Work to be completed:
In the listing below, print exactly the lines between the line holding "UNBELIEVABLE OASIS right" and the line holding "Pollo aderezo Eschillhadas, jalapeños", inclusive, and no more.

Data extract:

—————

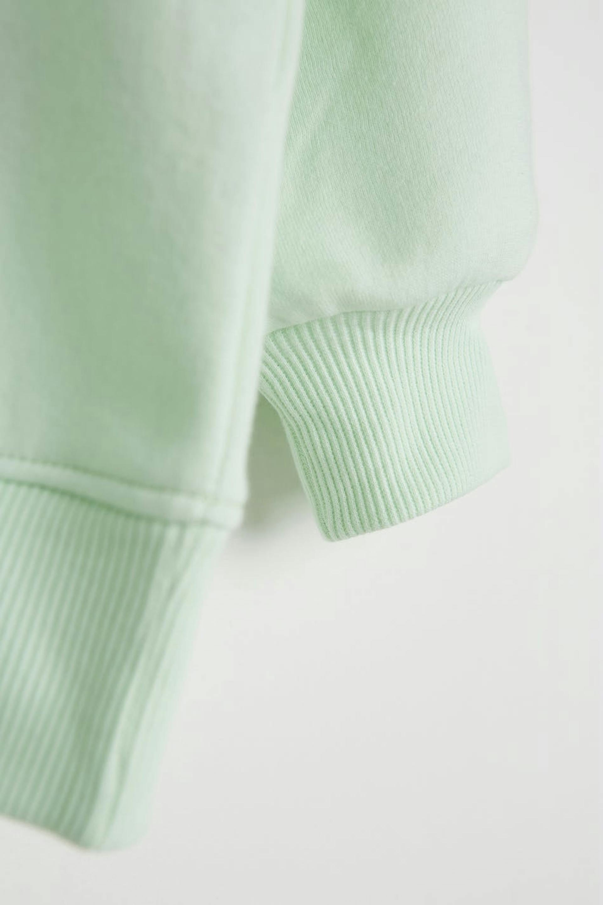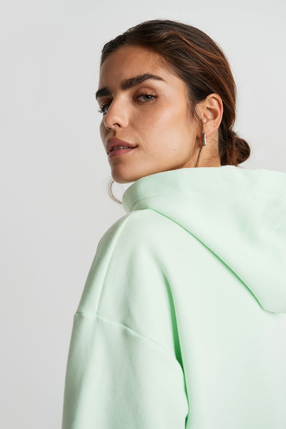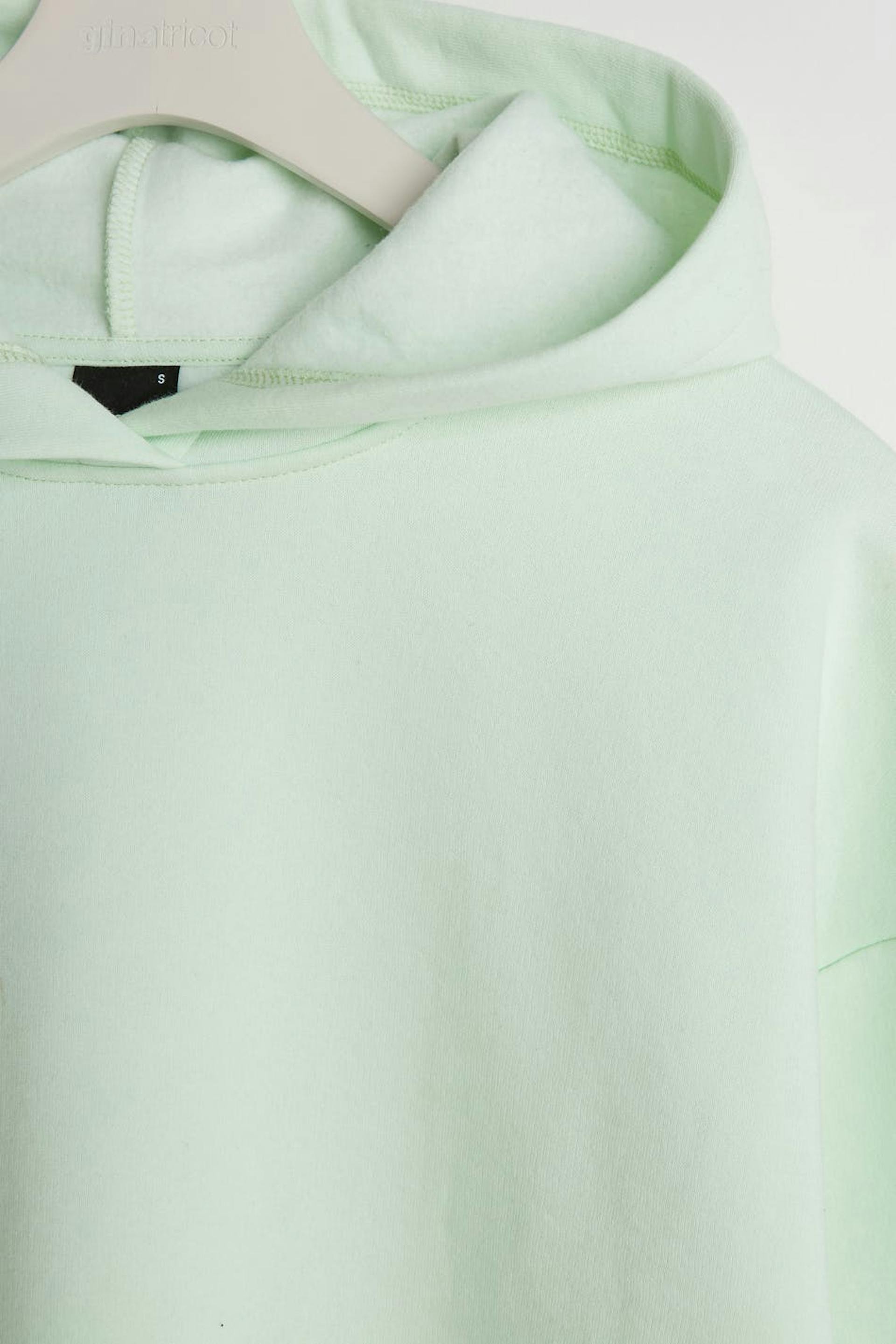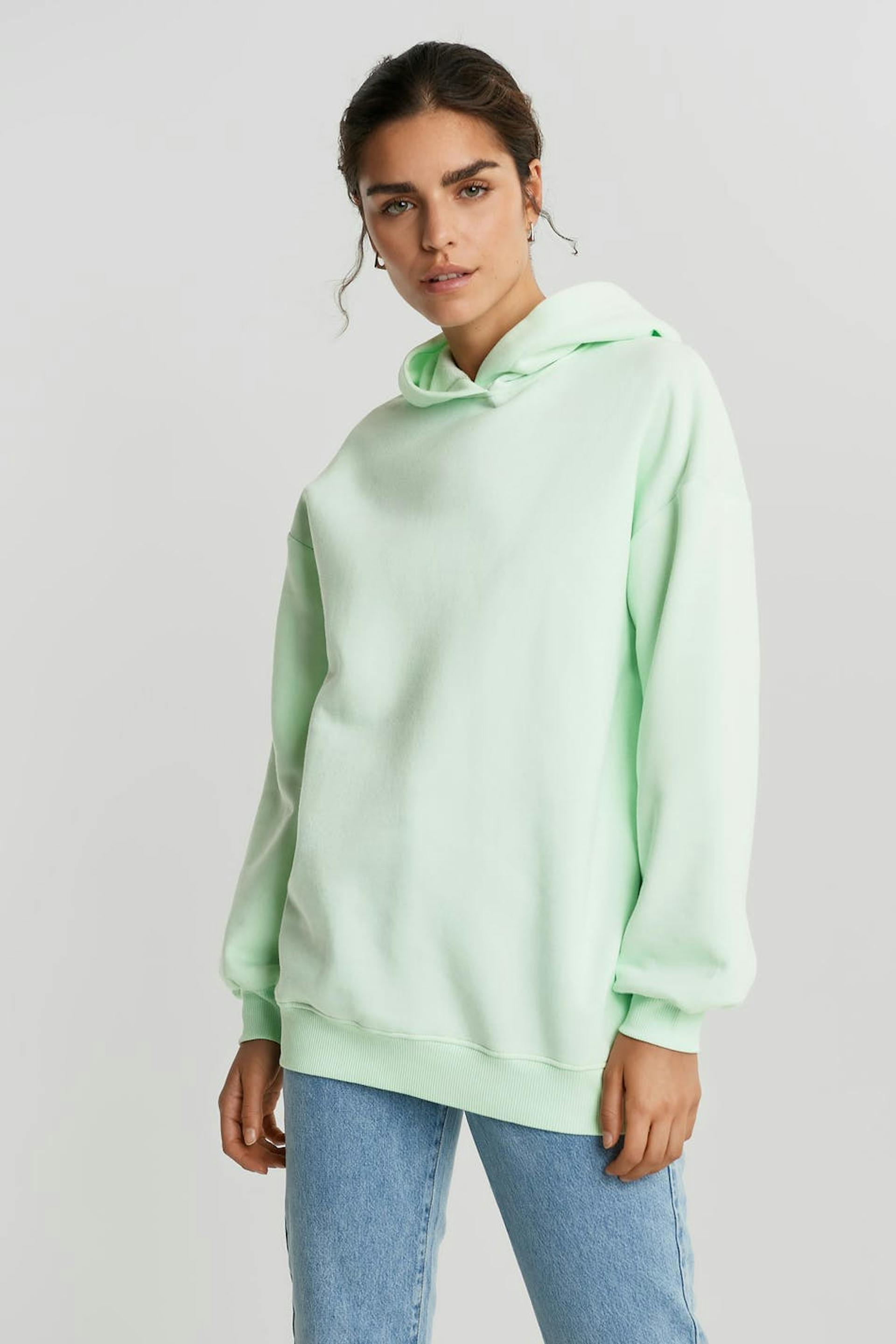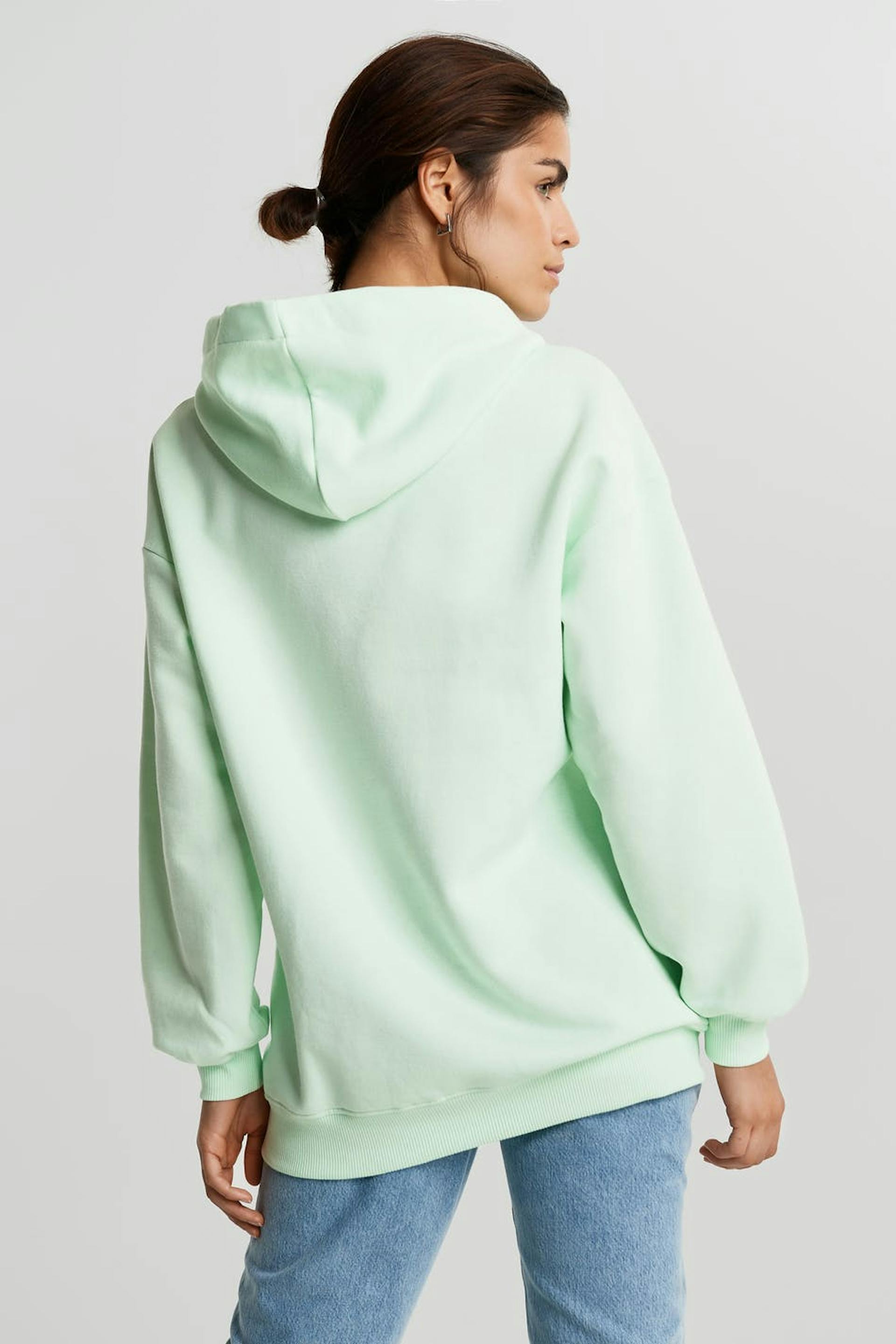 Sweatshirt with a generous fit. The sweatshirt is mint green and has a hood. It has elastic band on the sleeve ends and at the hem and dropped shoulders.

—————

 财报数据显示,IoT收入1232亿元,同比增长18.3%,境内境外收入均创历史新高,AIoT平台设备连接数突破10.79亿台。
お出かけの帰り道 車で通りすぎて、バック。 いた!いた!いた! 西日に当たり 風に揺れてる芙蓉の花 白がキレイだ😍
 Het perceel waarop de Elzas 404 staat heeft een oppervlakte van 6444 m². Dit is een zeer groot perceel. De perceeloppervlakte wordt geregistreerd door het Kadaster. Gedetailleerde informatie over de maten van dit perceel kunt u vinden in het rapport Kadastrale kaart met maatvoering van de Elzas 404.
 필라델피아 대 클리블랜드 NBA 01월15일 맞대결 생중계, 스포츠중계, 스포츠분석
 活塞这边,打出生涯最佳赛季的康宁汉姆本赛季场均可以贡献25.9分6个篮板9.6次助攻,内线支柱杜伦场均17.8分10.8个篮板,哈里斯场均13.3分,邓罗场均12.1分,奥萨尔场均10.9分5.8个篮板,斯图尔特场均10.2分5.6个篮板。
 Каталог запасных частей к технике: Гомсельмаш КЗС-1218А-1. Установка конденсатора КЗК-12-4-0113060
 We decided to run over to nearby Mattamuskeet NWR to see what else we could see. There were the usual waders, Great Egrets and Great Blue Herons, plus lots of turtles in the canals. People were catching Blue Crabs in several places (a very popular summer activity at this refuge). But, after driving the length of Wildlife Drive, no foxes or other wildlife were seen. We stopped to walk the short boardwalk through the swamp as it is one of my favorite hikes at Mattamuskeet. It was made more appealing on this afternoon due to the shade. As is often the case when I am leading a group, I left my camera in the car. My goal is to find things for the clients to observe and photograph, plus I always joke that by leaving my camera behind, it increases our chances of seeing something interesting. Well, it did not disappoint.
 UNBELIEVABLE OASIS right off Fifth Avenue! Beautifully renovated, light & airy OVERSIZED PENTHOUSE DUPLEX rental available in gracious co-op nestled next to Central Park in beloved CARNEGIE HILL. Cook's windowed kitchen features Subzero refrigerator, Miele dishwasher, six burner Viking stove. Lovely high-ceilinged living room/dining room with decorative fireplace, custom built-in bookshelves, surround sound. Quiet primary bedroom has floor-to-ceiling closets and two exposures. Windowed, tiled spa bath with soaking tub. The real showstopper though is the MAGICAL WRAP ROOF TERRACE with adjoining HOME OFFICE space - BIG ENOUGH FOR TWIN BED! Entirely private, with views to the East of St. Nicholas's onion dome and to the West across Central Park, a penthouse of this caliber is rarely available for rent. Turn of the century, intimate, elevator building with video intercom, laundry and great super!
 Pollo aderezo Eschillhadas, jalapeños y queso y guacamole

—————

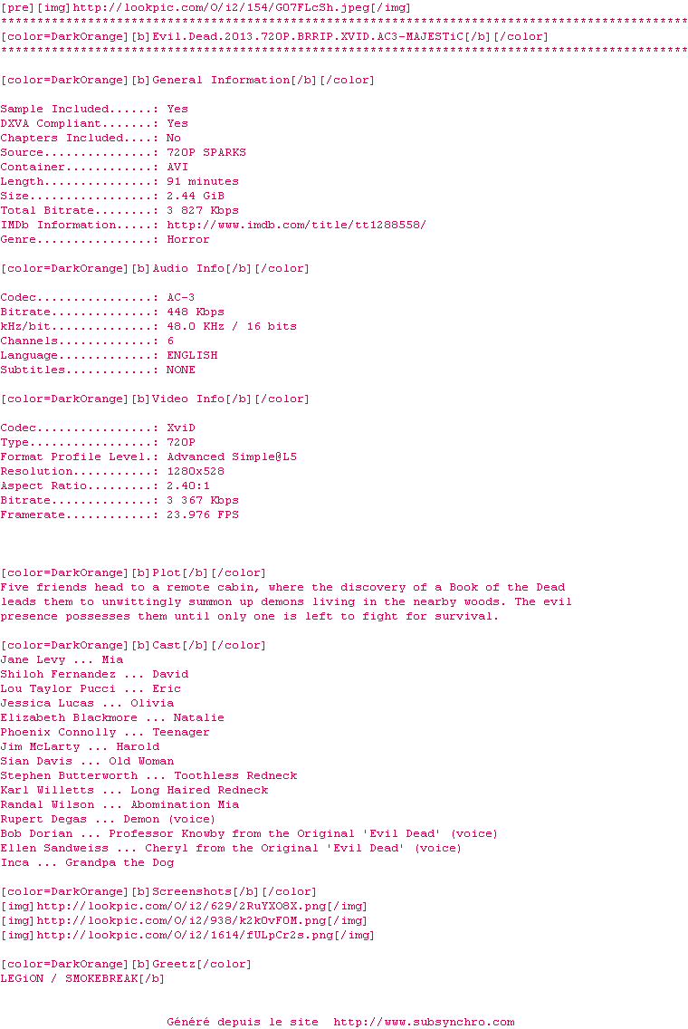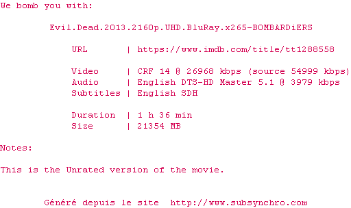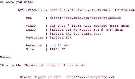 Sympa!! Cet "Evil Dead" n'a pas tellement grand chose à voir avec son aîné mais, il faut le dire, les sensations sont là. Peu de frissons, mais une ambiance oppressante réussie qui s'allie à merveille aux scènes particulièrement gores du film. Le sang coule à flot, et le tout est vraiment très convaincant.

—————

Response below:
 UNBELIEVABLE OASIS right off Fifth Avenue! Beautifully renovated, light & airy OVERSIZED PENTHOUSE DUPLEX rental available in gracious co-op nestled next to Central Park in beloved CARNEGIE HILL. Cook's windowed kitchen features Subzero refrigerator, Miele dishwasher, six burner Viking stove. Lovely high-ceilinged living room/dining room with decorative fireplace, custom built-in bookshelves, surround sound. Quiet primary bedroom has floor-to-ceiling closets and two exposures. Windowed, tiled spa bath with soaking tub. The real showstopper though is the MAGICAL WRAP ROOF TERRACE with adjoining HOME OFFICE space - BIG ENOUGH FOR TWIN BED! Entirely private, with views to the East of St. Nicholas's onion dome and to the West across Central Park, a penthouse of this caliber is rarely available for rent. Turn of the century, intimate, elevator building with video intercom, laundry and great super!
 Pollo aderezo Eschillhadas, jalapeños y queso y guacamole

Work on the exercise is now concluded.